Do we have a sentimental analysis feature in our hybrid chat ?"
Sentiment analysis is something that is being executed by the NLU layer of a chatbot (IBM Watson, Google Dialogflow, Spacy, Rasa,… ).
In some cases, the chatbot chosen does not have ready-made models to detect customer- or culture-specific content, such as:
- Cursing/ Insults/ inappropriate language
In bot parlance, these are either intents or entiites, but the primary goal of typical chatbot NLU engines is not classification.
A simple and good method do classification is a Naive Bayes Classifier, for which a library exists from NLTK.
A way how such a classifier can be custom-built and embedded into a Rasa NLU pipeline: https://blog.rasa.com/enhancing-rasa-nlu-with-custom-components/
This component will be executed in sequence with all other NLU engines that might be used to detect content in messages).

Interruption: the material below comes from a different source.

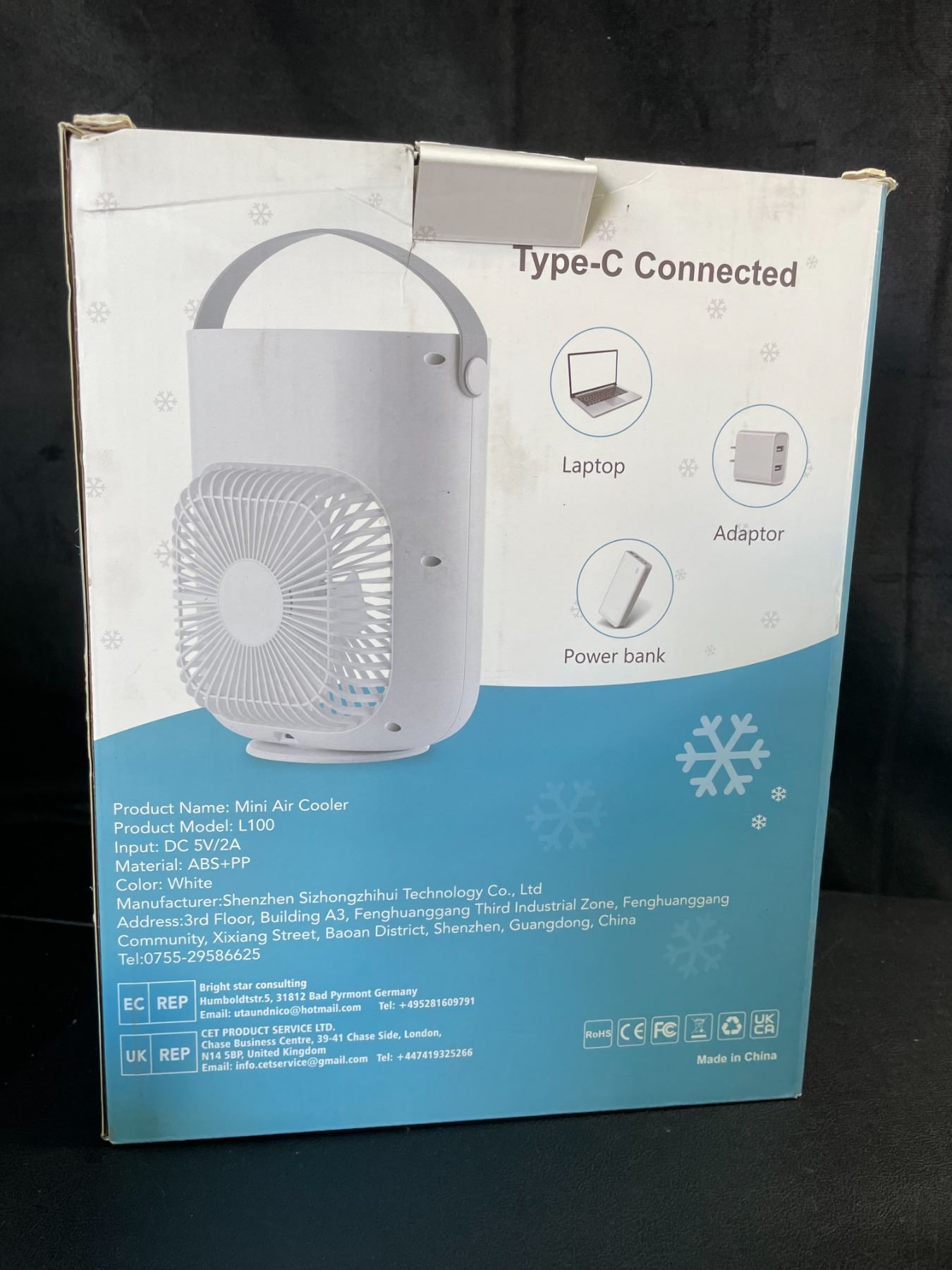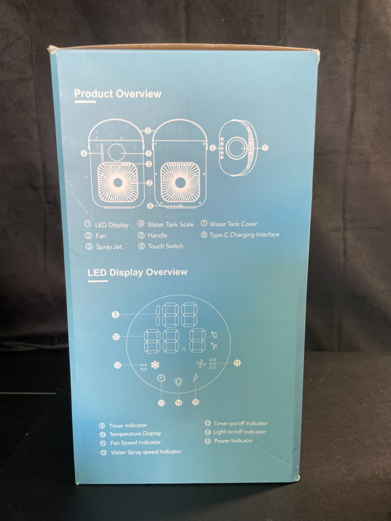- large 1000ml capacity water tank; add water for "misting"/faster cooling

As the DIET classifier can detect multiple intents in a single intents, this might however not even be necessary, as a message might have both the intent “polite”, as well as an intent “restaurantbooking” - provided there is sufficient training data for the “politeness” classification.
For the user and trainers, they would then only need to classify messages on training data, and the bot will then be able to detect these.
For cursing in particular, there are also finished models such as https://www.perspectiveapi.com/#/start - which enables you to bypass training. This could be plugged into for ex Rasa as a custom component, or act as a bot in it’s own right (if that’s the only thing you want to detect).
What I understood from this, we can train bot for specific words & phrases, based on those responses we can display stats.
entire phrases are classified as something. This classification (polite/neutral/insulting, happy/ neutral/ sad,…) can be added as a tag to each message, and then you could run statistics for example what percentage of all messages were polite/neutral/insulti, how many were happy/neutral/sad . You could also classify multiple things at the same time (by using multiple classifiers in sequence).
So this depends what you want to detect, and how you want to have statistics. Do you want to just highlight the individual messages that are happy/ neutral/ sad, or classify the entire conversation? What should be the rule to classify an entire conversation as sad (more than x% of all messages classified as sad, or a certain outcome?)
Understood, thank you for your detailed response. In the current release, how much time implementation will take?
this is a professional service, independent of any release. I would expect a month’s time (if the bot is deployed). Most of the effort will then to provide training and classification data (which is typically done by the enduser/ customer that will determine which sentence expresses what kind of classification).